Despite the fact that many of these substances have been barely, if ever, tested in a scientific way, some connoisseurs are eagerly ingesting them in all sorts of different combinations and quantities, the idea being, as one enthusiast put it to the article’s author, John M. Glionna, that “The brain is resilient. It will go back to normal if you don’t go too hardcore” (sounds reasonable).

Glionna offers a nice glimpse of one nootropic aficionado’s routine:

[Tomás] Gutiérrez, slender and dark-eyed, swears by a daily “stack” mixed into his morning coffee.

He throws in some MCT oil, a form of fatty acid that occurs naturally in such foods as coconut oil. He adds BCAAs, or branched-chain amino acids, which are popular among weightlifters.

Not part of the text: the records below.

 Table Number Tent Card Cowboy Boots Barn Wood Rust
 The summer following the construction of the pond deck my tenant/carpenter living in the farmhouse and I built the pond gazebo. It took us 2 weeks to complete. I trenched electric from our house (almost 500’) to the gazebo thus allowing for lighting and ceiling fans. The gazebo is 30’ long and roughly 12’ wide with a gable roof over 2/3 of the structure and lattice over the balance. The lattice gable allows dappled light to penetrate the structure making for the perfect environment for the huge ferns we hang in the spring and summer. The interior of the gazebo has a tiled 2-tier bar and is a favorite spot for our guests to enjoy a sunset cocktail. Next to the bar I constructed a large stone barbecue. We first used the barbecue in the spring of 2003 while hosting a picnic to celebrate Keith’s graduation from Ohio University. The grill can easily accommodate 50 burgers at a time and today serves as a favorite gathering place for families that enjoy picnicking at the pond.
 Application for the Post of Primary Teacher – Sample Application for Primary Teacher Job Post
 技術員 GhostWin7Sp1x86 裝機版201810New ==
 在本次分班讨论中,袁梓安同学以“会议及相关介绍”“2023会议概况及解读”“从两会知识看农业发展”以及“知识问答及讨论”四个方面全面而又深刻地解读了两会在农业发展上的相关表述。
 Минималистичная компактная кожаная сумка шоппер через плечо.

Then there’s L-theanine, an amino acid found in green tea.

[…]

On the kitchen counter of the two-bedroom house he shares with his girlfriend, Gutierrez keeps 100-gram containers of compounds he buys online, along with two scales, one to measure in grams and the other in milligrams.Sometimes, his girlfriend prods him to clean up his experiment site. She thinks it looks too much like a chemistry set. And Gutiérrez admits his kitchen resembles a scene from “Breaking Bad.” “It definitely looks questionable,” he said. “There are liquids and powders and scales.”

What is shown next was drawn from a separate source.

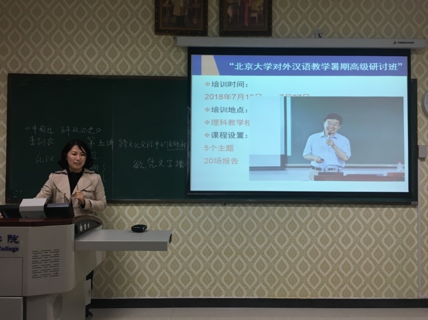 首先,路炜老师和大家交流了参加“北京大学对外汉语教学暑期高级研讨班”的收获。据悉,赵杨、刘珣、李泉等对外汉语界专家学者均在此次培训中授课,路老师表示专家们从不同的模块、不同的领域,以不同的角度和层面向我们传授知识、传递信息、传送经验,渊博的学识、活跃的思维、独到的见解、深入浅出的讲解,使她增长了见识,拓宽了视野,受益匪浅。全体教师围绕路老师的学习汇报内容进行了热烈的讨论。
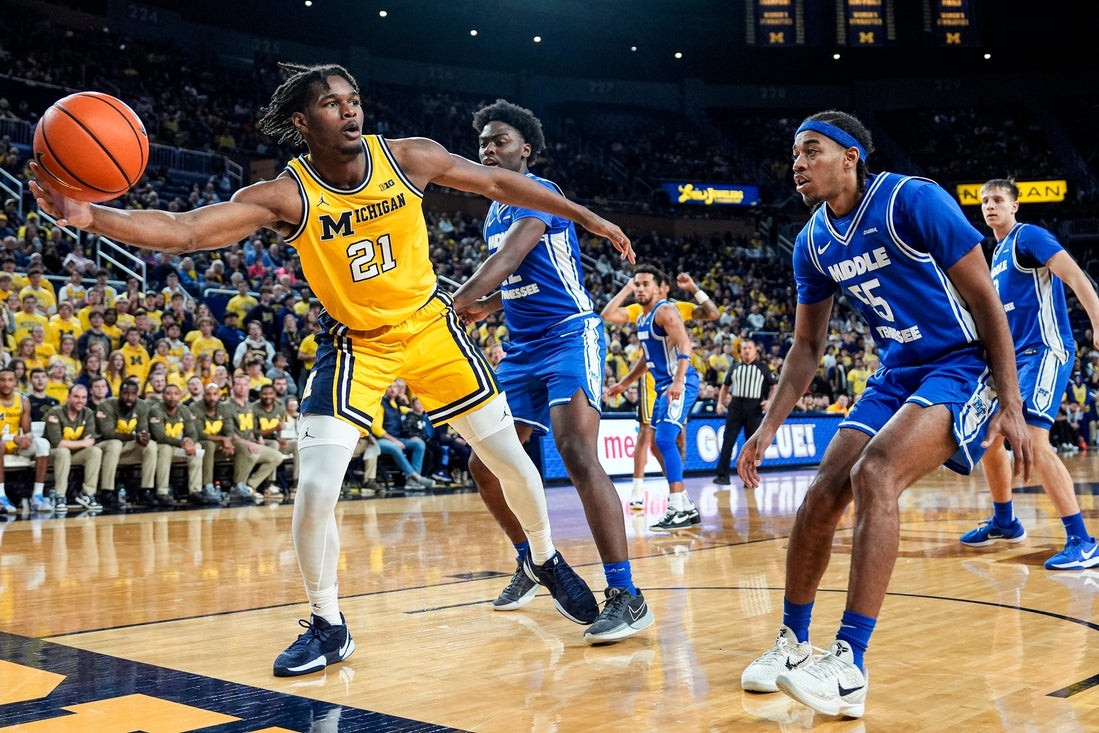 Michigan’s defense is holding opponents to 66.6 points per game, 34.6% shooting overall and 30% from distance. The Wolverines are outrebounding opponents by an average of 45.8-33.0.

There are so many different varieties of these underregulated substances popping up on shelves that one can’t really make any broad-based claims about what they do or don’t do, though there is preliminary evidence some of them are harmful. But even setting that aside, one problem is that, according to this article, many of the folks experimenting with their own brains seem confident they can tell which combinations are working and which aren’t.

Measuring changes in mood or cognitive performance or anything else brain-related is really, really tough. That’s why you need large, carefully controlled studies to do so. So among the other risks of experimenting with untested substances, many of these folks could simply be fooling themselves. If you take something and suddenly feel sharper and better able to focus, maybe it’s what you took, but it could also be connected to any one of a thousand other, less salient factors — something else you ate, or the time of day, or normal bio-rhythmic stuff. There’s a chance the nootropic movement involves not only ingesting potentially dangerous substances, but also a dose of self-deception.